The results in this study provide key insights on how compaction parameters could impact the production of MUPS tablets containing sustained release coated pellets, despite the limitation that an alcohol-dumping study was not performed. In the sub-study where MUPS tablets were produced using the default compaction cycle, precompression was found only to increase the tensile strength of MUPS tablets containing EC pellets (Figure 2a) but not of those containing AC pellets. However, in a larger dataset of the sub-study where a simulated rotary tablet press is used (Figure 8), precompression was significantly associated with increased tensile strength of MUPS tablets containing AC pellets, although the magnitude of this benefit was relatively small compared to reducing the target thickness (Figure 8). Therefore, the present results provide conflicting findings that precompression could yield benefits for MUPS tablets.

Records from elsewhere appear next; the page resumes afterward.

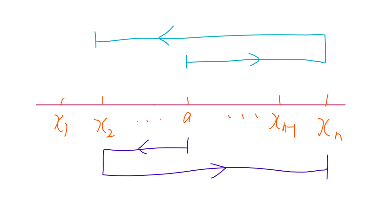 首先将数据排序,则两端的点距离最远肯定要舍弃一个,访问 n−1 个点只有两种情况, x1→xn−1或者x2→xn。假设访问的点是 x2→xn,则又有下图两种访问顺序,先右后左或者先左后右,距离分别为 dis1=2∗(xn−a)+(a−x2) 和 dis2=2∗(a−x2)+(xn−a)。
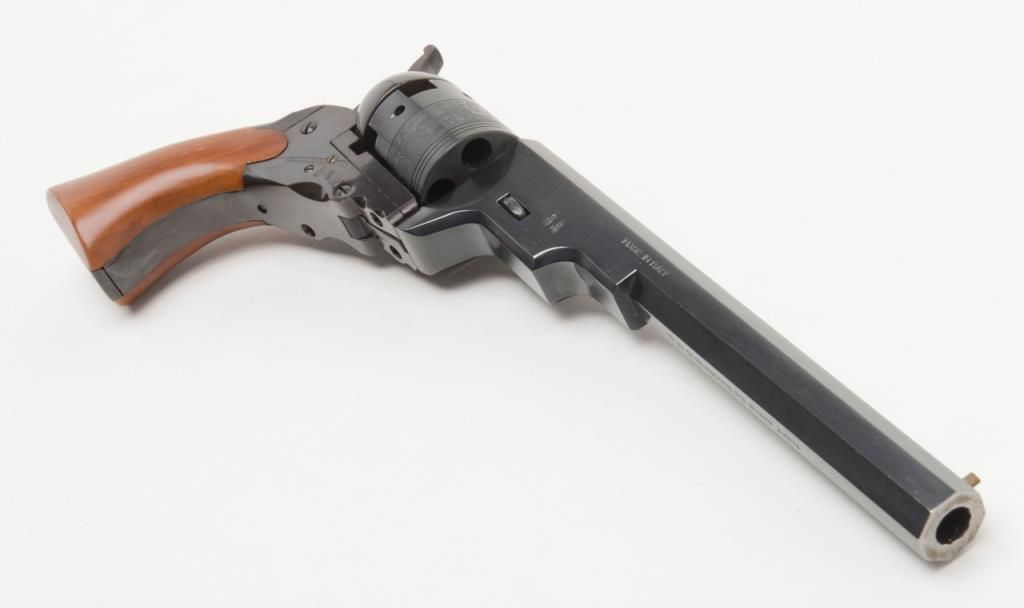 Navy Arms copy of a Colt Texas Paterson percussion revolver, .36 cal., 7-1/2” octagon barrel, blue finish, wood grips, #1617 in fine condition. Est.: $175-$300.
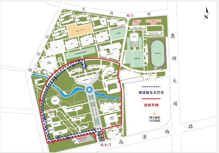 新生报到校内交通通行示意图
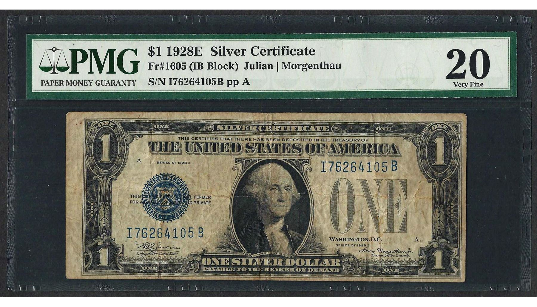One 1928E $1 Silver Certificate Note Fr.1605 PMG Very Fine 20. PMG Certified.

Trilayering MUPS tablets was found to be a highly effective method to both strengthen MUPS tablets (Figure 5a) and reduce pellet coat damage (Figure 5c). However, a major disadvantage of this approach for industrial MUPS tableting is the need for a customized rotary tablet press with three sequential feeding stages for the two cushioning layers and the pellet-filler mixture. This approach could increase the complexity and costs of producing trilayered MUPS tablets compared to normal MUPS tablets. Nevertheless, the results in this study demonstrate the feasibility of using the trilayering approach to mitigate pellet coat damage in MUPS tablets.

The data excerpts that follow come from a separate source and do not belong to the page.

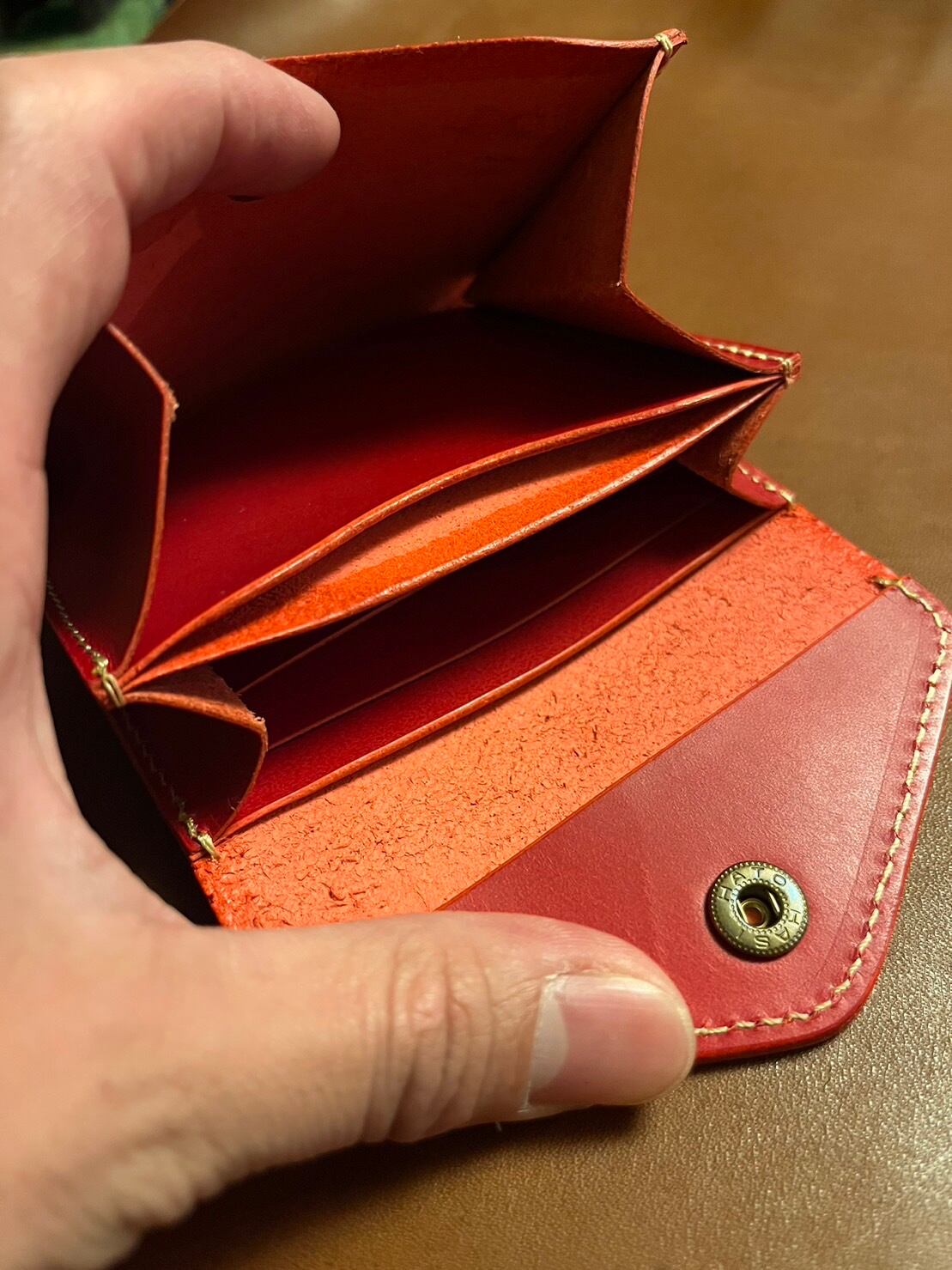 上品さとアクセントのあるカラーが魅力!<ヌメ革> Palm Wallet(ミニウォレット)Red【LoG Design】は、あなたの鞄の中をスタイリッシュに演出します。
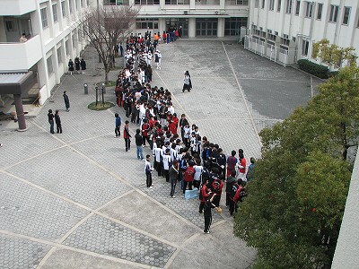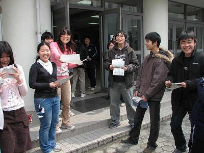 花道をつくって、新入生を歓迎し、勧誘のビラを配りました。
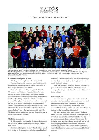 he recalled. “What really stood out was the retreats brought the Catholicity of the schools to the fore; they were not simply Catholic by name.” In the five years since his return, Br Callen continued to push for the introduction of Kairos to Perth; the success coming earlier this year with the endorsement of his proposal by the College. Introducing Kairos In order to lay a strong foundation for the continued operation of the retreats, four senior students and two staff members from Bellarmine College Prep. in San Jose, California (a host school during the 1997 tour) were sponsored by the College to introduce and facilitate Kairos #1 that was held at Moore River (Guilderton). This was a necessity as the main feature of the Kairos retreat is that it is run by students, with adult supervision. As it was their first retreat the Trinity boys hadn’t had any previous exposure to the operations of Kairos, hence the invitation to the Americans. Future retreats will now be led by a core group of four students from the retreat held immediately previous to the current one. In fact, Kairos #2 was held at the end of August and was conducted by Trinity students.
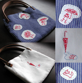 | よくおじゃまさせていただいているMacoさんのサイト SWEET-SPANGLED&SWALLOWで、先日オリジナルバッグコンテストが催されました。 で、私も身の程知らずは百も承知、無謀上等でエントリーいたしました。(^_^;) テーマは「春夏のお出かけにもって歩きたいバッグ」。 私がこのテーマを見て思いついたのは、「春と夏」→「その中間は梅雨」という安易な連想でこんなのを作りました。 ![]() 当所考えていたのは、 表側:窓の外は雨。窓枠に背伸びをしてとりついて外を眺めている少女。足下に昼寝の犬。 裏側:雨があがって梅雨の光るあじさいと閉じられた傘。その前に女の子と犬の足跡が点々と。 ・・・という図案。 どう考えてもこんな細かいシチュエーション、私の画才では無理だろうと、はじめに気づけよ>自分 自分のセンスと画才とスキルが徒党を組んで私に妥協を迫ってくる〜〜!とわらわらしながら、なんとかバッグ完成。 1票も入らなかったらどうしようかとドキドキしながら投票期間を迎えました。 嬉しいことに心優しい方々が票を投じてくださり、涙がちょちょぎれそうでした。 こんな素敵な企画を立てて下さったMacoさん、そして企画を盛り上げて下さった参加者、投票者の皆様、 本当に得難い経験をさせていただきました。心よりお礼申し上げます。 |

Lubricating EC pellets with SSF was associated with markedly reduced pellet coat damage (Figure 5c). It was postulated that this could be attributed to the reduction in mechanical stress transfer from the compaction force to the EC pellet coats by interrupting the hydrogen bonding between MCC filler particles and the EC. However, it is uncertain whether this technique could be employed effectively at an industrial scale.

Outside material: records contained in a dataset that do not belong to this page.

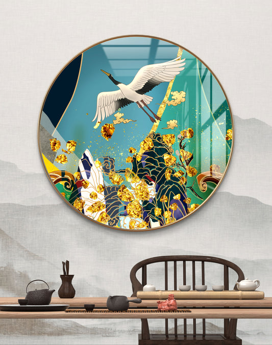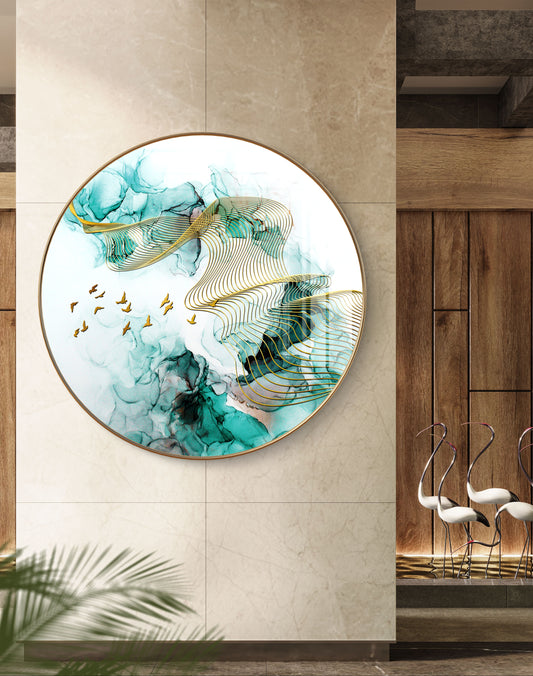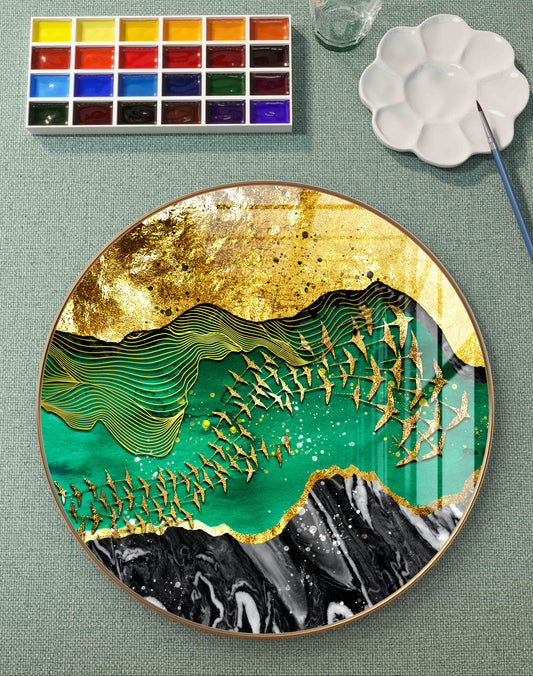 Round golden birds flying in green waves crystal resin
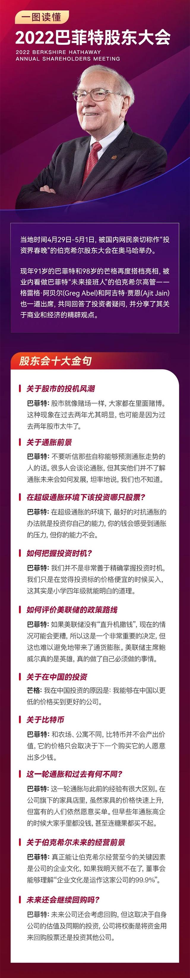 股市变赌场!最好的投资就是投资自己!怼华尔街、抨击比特币.....巴菲特和芒格两位传奇投资人在大会上金句迭出,向全球投资者传递了哪些投资智慧?
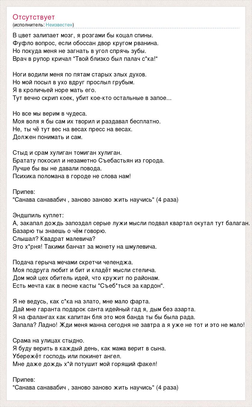 В цвет залипает мозг, я розгами бы коцал спины. Фуфло вопрос, если обоссан двор кругом рванина. Но покуда меня не загнать в угол спрячь зубы. Врач в рупор кричал "Твой близко был палач с*ка!" Ноги водили меня по пятам старых злых духов. Но мой посыл в ухо вдруг прослыл грубым. Я в кроличьей норе мать его. Тут вечно скрип коек, убит кое-кто остальные в запое... Но все мы верим в чудеса. Моя воля я бы сам их творил и раздавал бесплатно. Не, ты чё тут вес на весах пресс на весах. Должен понимать и сам. Стыд и срам хулиган томиган хулиган. Братату покосил и незаметно Съебастьян из города. Лучше бы вы не давали повода. Психика поломана в городе не слова нам! Припев: "Санава санавабич , заново заново жить научись" (4 раза) Эндшпиль куплет: А, закапал дождь запоздал серые лужи мысли подвал квартал окутал тут балаган. Базарю ты знаешь о чём говорю. Слышал? Квадрат малевича? Это х*рня! Такими банчат за монету на шмулевича. Подача герыча мечами скретчи челенджа. Моя подруга любит и бит и кладёт мысли стелича. Дом мой цех обитель идей, что кружит по районам. Есть мечта как в песне касты "Съеб*ться за кардон". Я не ведусь, как с*ка на злато, мне мало фарта. Дай мне гаранта подарок санта идейный гад я, дым без азарта. Я на фалангах как капитан бля это моя банда ты бы была рада. Запала? Ладно! Жди меня манна сегодня не завтра а я уже не тот и это не мало! Срама на улицах стыдно. Я буду верить в каждый день, как мама верит в сына. Убережёт господь или покинет ангел. Мне даже дождь х*й потушит мой горящий факел! Припев: "Санава санавабич , заново заново жить научись" (4 раза)

Increasing the tableting rate is a highly valued option to improve productivity in the manufacture of MUPS tablets. However, increasing the tableting rate may lead to the formation of significantly weaker MUPS tablets caused by a shortening of the dwell time (Figure 8). Nevertheless, the extent of pellet coat damage was not appreciably increased by using a higher tableting rate (Figure 9c). Therefore, care must be taken to ensure that MUPS tablets produced at a high tableting rate possess sufficient tensile strength by adjusting the target thickness accordingly and mitigating any increased pellet coat damage arising from the correspondingly increased compaction pressure.

4. Conclusions

The findings of this study demonstrate that compaction parameters and techniques can impact sustained release MUPS tablet properties in a variety of ways. For example, precompression significantly strengthened MUPS tablets containing EC pellets while only reducing, albeit to a minor extent, the coat damage of AC pellets. Statistically, the use of precompression, when evaluated in a larger dataset at different tableting rates and simulating a rotary tablet press, was shown to produce stronger MUPS tablets, albeit to a much lesser extent compared to reducing the target thickness. The introduction of a cushioning layer at the bottom and at the top of the MUPS tablet, to constitute a trilayered MUPS tablet, improved the mechanical strength of the tablet and also led to considerably mitigated pellet coat damage. This protective effect was attributed to the prevention of surface pellets being damaged by interactions with the punch faces. EC pellet lubrication with SSF was shown to significantly mitigate pellet coat damage. Lastly, increasing the tableting rate led to reduced MUPS tablet tensile strength due to reduced dwell time, but did not appear to increase the extent of pellet coat damage. The findings generated in this study provide key information on the compaction of MUPS tablets that could better inform future developments of MUPS tablets.